Do you actually use 9 columns or is the github out of date? And do you have some way of avoiding paying for the columns in constraints where you don’t use them?

Also I wondered if you considered reducing the degree of the rescue gates by using additional columns?

Like let’s say \alpha = 5, you can add e.g., additional columns t_1, t_2 and instead of x_i = y_i^5 have t_i = y_i^2 and x_i = t_i^2 y_i.

Good points! We do still use 6 + 3 = 9 columns, but I oversimplified our Rescue implementation a bit in the writeup. Some more specifcs:

• We use separate gates for the two steps of Rescue: RescueStepAGate and RescueStepBGate.
• Our overall model uses 6 constant (aka selector) polynomials. Since the Rescue gates have a depth of 2 in the tree, 2 of those 6 are used for filtering.
• That leaves 4 constants available to each Rescue gate, so we use a sponge width of 4.
• We use \alpha = 5, so those constraints are degree 7 after incorporating the gate type filter. This is fine for us; we just want to keep constraints within degree 8 so that our largest FFTs are degree 8n.
• RescueStepAGate uses 4 routed input wires, and 4 advice wires for the purported x^{1/\alpha} values. It doesn’t have explicit output wires; instead it constrains the input wires of the RescueStepBGate that follows it.
• RescueStepBGate also uses 4 input wires, and similarly treats the wires of the following gate as its “outputs”. We add a no-op gate after the last RescueStepBGate to receive the final outputs and make them routable. (Now that I write this, I think we can do without that final gate by giving RescueStepBGate non-routed inputs and routed outputs.)

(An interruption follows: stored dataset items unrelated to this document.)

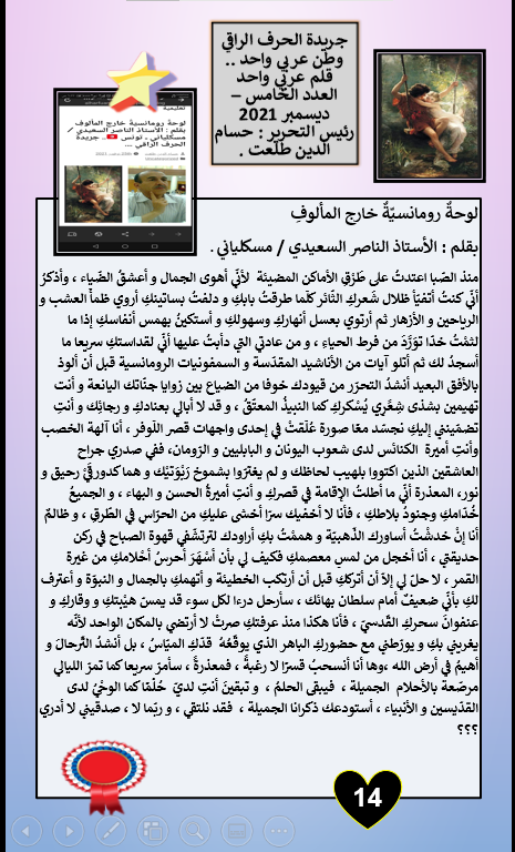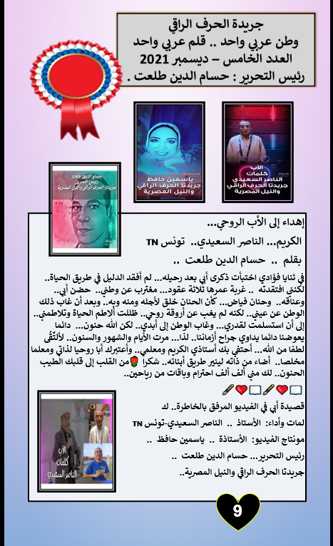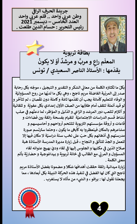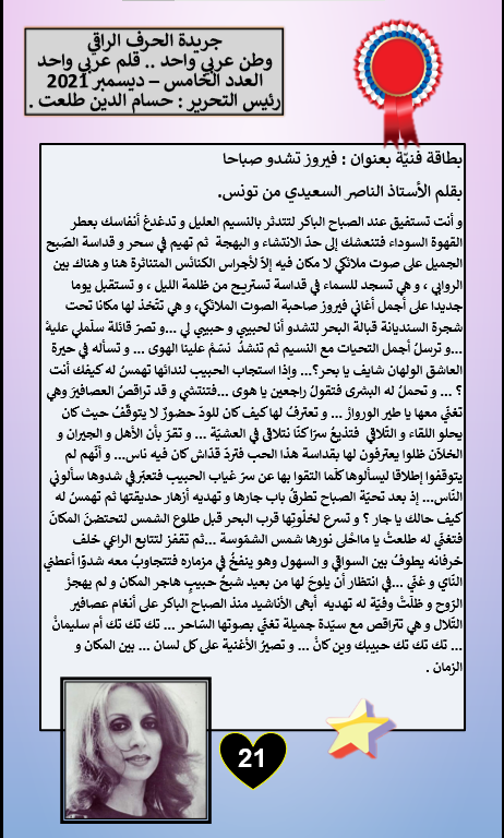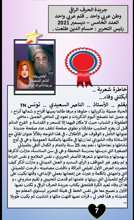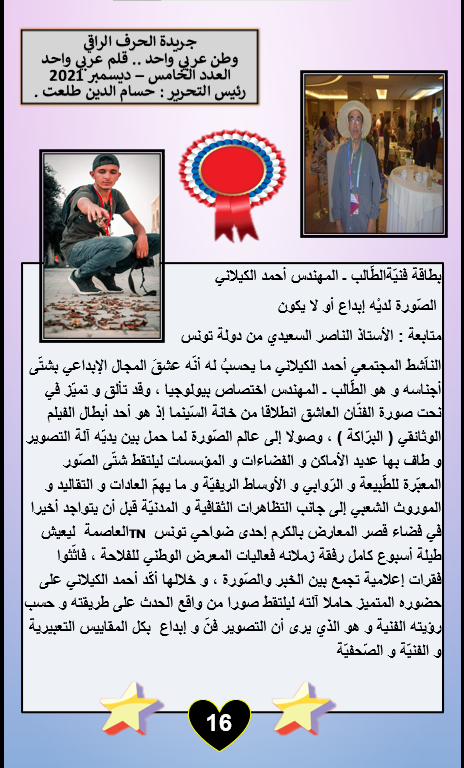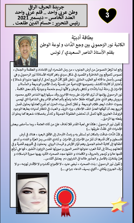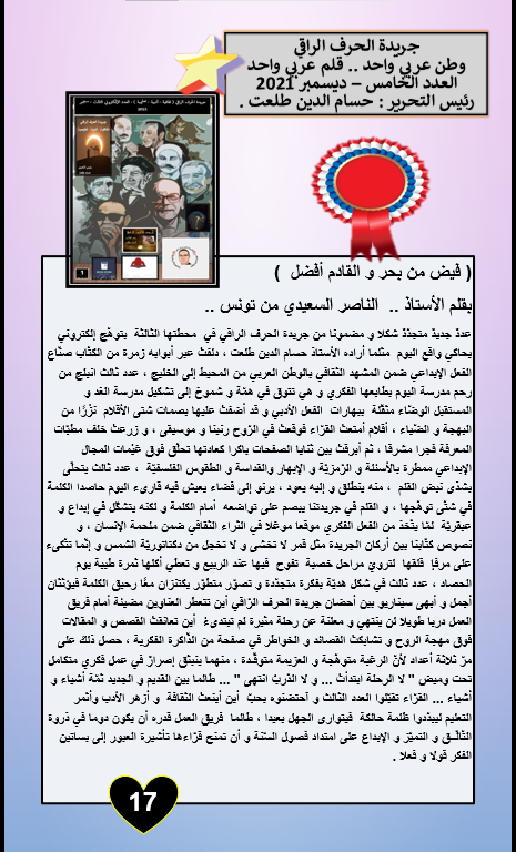 تحتفي جريدة الحرف الراقي كل شهر بمبدع من مبدعيها ..
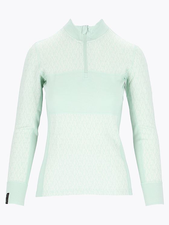 Myk ulltopp med høy hals med glidelås og jaquardstrikket mønster. Laget i kløfri ullblanding med myke flatlocksømmer. Brukes som innerste lag både ved høy og lav aktivitet. Isolerer godt også i våt tilstand.
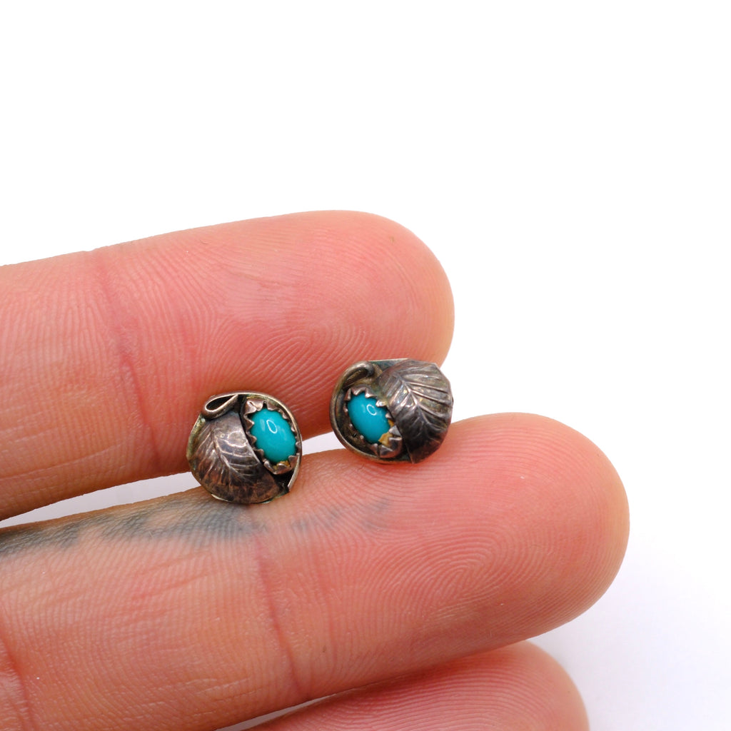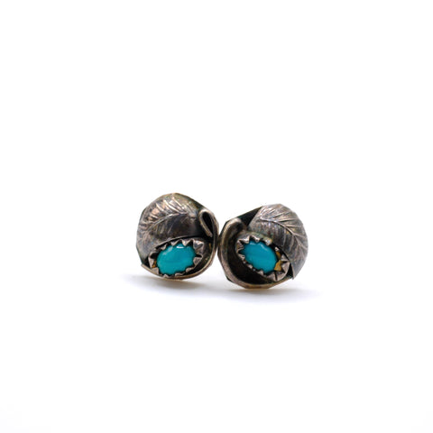 Vintage Sterling Turquoise Feather Stud Earrings
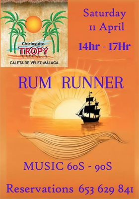 CALETA DE VÉLEZ – In de kustplaats Caleta de Vélez treedt zaterdagmiddag 11 april de formatie Rum Runner op. Dit gebeurt bij Chiringuito Tropy, vlakbij de jachthaven van Vélez-Málaga, Puerto Caleta de Vélez.
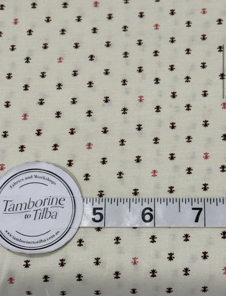 Fabric - Shirting - (3005) Tiny Chocolate & Pink Motifs on Vanilla

With \lambda=128 and our permutation width of 4, we have 16 recommended rounds per permutation, or 33 gates. So for a k-to-1 hash we end up using 33 \lceil k/3 \rceil gates.

Hope that makes sense? There are a ton of possible variants depending on how many constants are available etc., but this seems to fit pretty well with our particular circuit model.